Latest revision as of 10:10, 15 January 2019

Lewis Nkosi (1936-2010). Essayist, critic and dramatist.


He moved from Durban to Johannesburg in 1956 to join Drum magazine.

He left South Africa on an exit permit in the early 1960s after receiving a fellowship to study at Harvard University, beginning what was to be a long exile. The last 19 years of his life he moved back and forth between Europe, the US, Asia and South Africa.

He died in September 2010 at the age of 73.



He studied at Adams College. Studied journalism at Harvard University (1960-61).


He began work at Ilanga lase Natal, then moved on to Drum and Post magazines. Over a long subsequent career, Nkosi taught at universities in Zambia, Poland, and the United States.

Contribution to SA theatre, film, media and/or performance

He was one of the collaborators in the workshop led by Athol Fugard to create No-Good Friday (1958. A friend of Fugard’s, he played “Father Higgins” in the first production of No-Good Friday before an all-white audience in Johannesburg in 1958.

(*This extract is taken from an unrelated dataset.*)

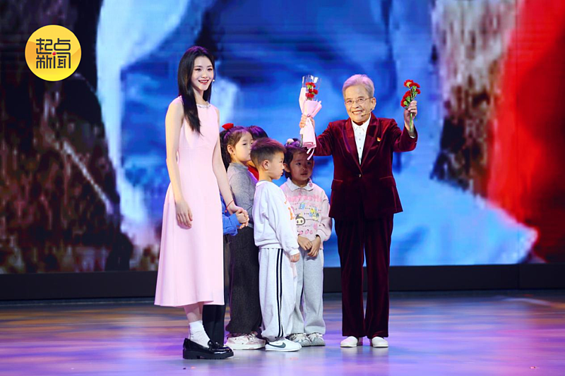 △路生梅讲述完毕,演员刘浩存牵着小朋友们为路奶奶送上鲜花。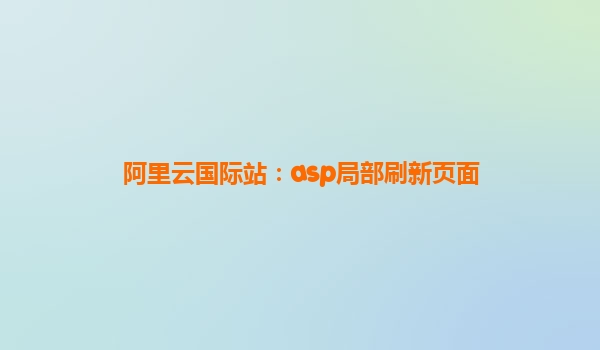 阿里云國際站:ASP局部頁面刷新技術(shù)與生態(tài)優(yōu)勢解析

Nkosi later wrote and published his own play, The Rhythm of Violence (1964).

His essays and articles are contained in a collection entitled Home and Exile (1965).

He wrote the novels Mating Birds, Underground People and Mandela's Ego.

His works were for a while banned in South Africa under the Suppression of Communism Act.

Awards, etc

He was awarded The Order of Ikhamanga in Silver, 2008.

The University of KwaZuluNatal decided to confer a posthumous honorary doctorate degree on Professor Lewis Nkosi, 2011.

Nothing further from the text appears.